#### Provided data
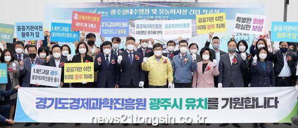 한편, 이날 시삽식 행사 후에는 경기도경제과학진흥원 광주시 유치 기원 결의대회를 열어 더욱 뜻깊은 자리가 됐다.
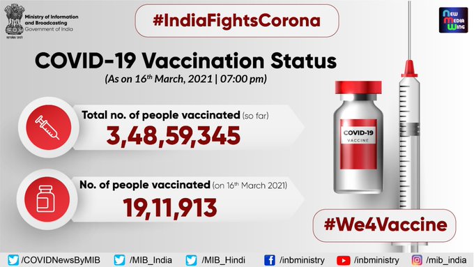 देश में अब तक साढ़े तीन करोड़ से अधिक लोगों को कोरोना का टीका लगा
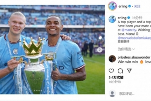 哈兰德写道:“一位顶级球员,也是顶级的好兄弟!很自豪曾在多特蒙德和曼城与你并肩作战。祝你一切顺利,Manu!”
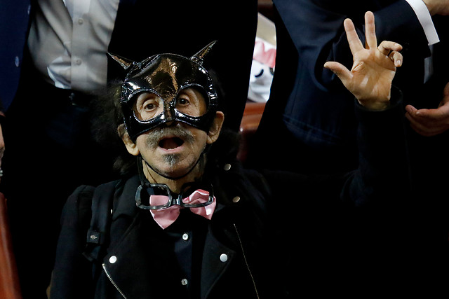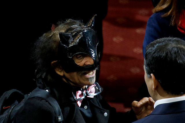 En otras oportunidades han sido sus atuendos extravagantes con capas y antenitas los que han llamado la atención, y en esta ocasión, el parlamentario atrajo miradas ya que apareció vestido completamente de negro y con un llamativo antifaz felino, similar al que usa el personaje de Gatúbela.
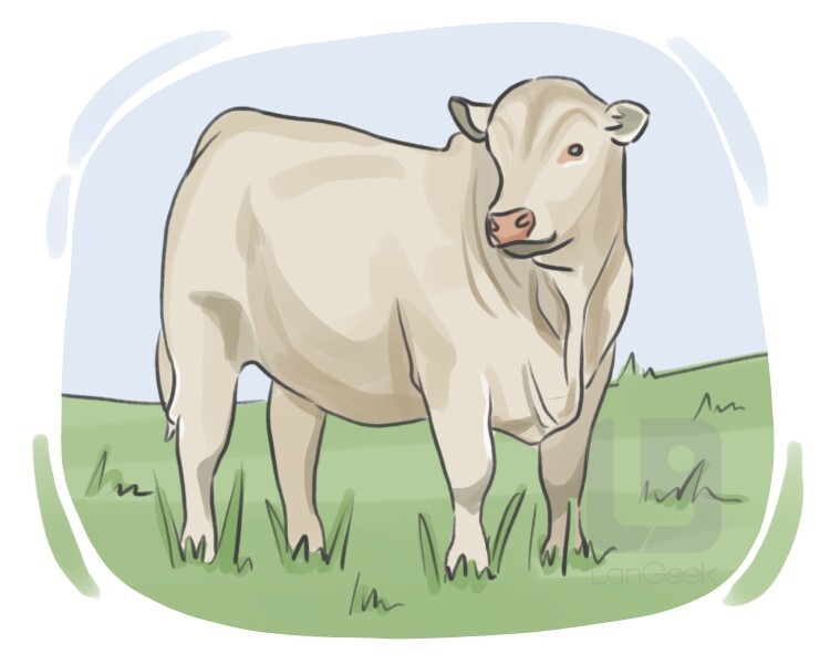 a large breed of beef cattle known for their distinctive white coloration, robust build, and high-quality meat production
########
**Task goal**
Return the lines above exactly; the images are not part of the copy.

**Worked solution**
 한편, 이날 시삽식 행사 후에는 경기도경제과학진흥원 광주시 유치 기원 결의대회를 열어 더욱 뜻깊은 자리가 됐다.
 देश में अब तक साढ़े तीन करोड़ से अधिक लोगों को कोरोना का टीका लगा
 哈兰德写道:“一位顶级球员,也是顶级的好兄弟!很自豪曾在多特蒙德和曼城与你并肩作战。祝你一切顺利,Manu!”
 En otras oportunidades han sido sus atuendos extravagantes con capas y antenitas los que han llamado la atención, y en esta ocasión, el parlamentario atrajo miradas ya que apareció vestido completamente de negro y con un llamativo antifaz felino, similar al que usa el personaje de Gatúbela.
 a large breed of beef cattle known for their distinctive white coloration, robust build, and high-quality meat production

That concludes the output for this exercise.